The food basket drive is clearly something near and dear to Taylor’s heart.
“You know, I’ve been there. I was divorced when my kids were little and I didn’t know where my next meal was coming from,” she said. “My kids lived on macaroni and tomatoes, loaves of bread, ketchup sandwiches. That’s what they ate for a long time, because I didn’t have it. I worked. I had an apartment I had to keep up with and the bills to go with it. So I know what it’s like to be poor. But I worked. These old people – they can’t work. They’re too old. Some of them can hardly walk.”

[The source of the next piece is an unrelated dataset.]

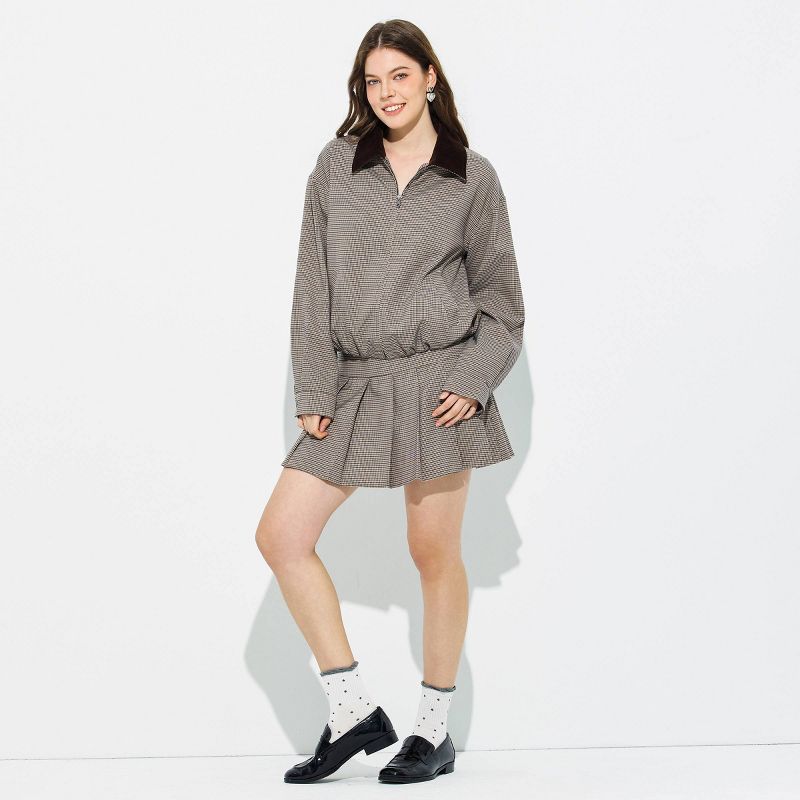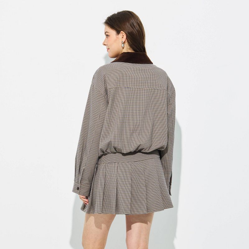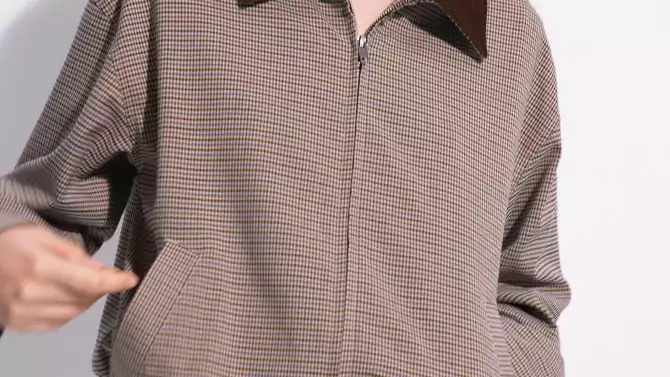 Women's Contrast Collar Bomber Jacket - Wild Fable™ Brown Houndstooth S

A personal tragedy has made this year’s effort even more important to Taylor. Her fiancé, Anthony Krause, passed away six months ago.
“This year it’s just really important that I make somebody happy,” she said, tearing up. “It’s quite important.”
Anyone wishing to make a donation can send a check payable to either Norma Taylor or Mary Weber in care of Saul Funeral Homes Inc., 3795 Nottingham Way, Hamilton, N.J. 08690. Anyone with questions can contact Taylor at (609) 954-4328.
Donations must be made no later than Dec. 17. Food baskets will be delivered to residents of Lawrence Plaza Apartments and the Alvin E. Gershen Apartments on Dec. 20.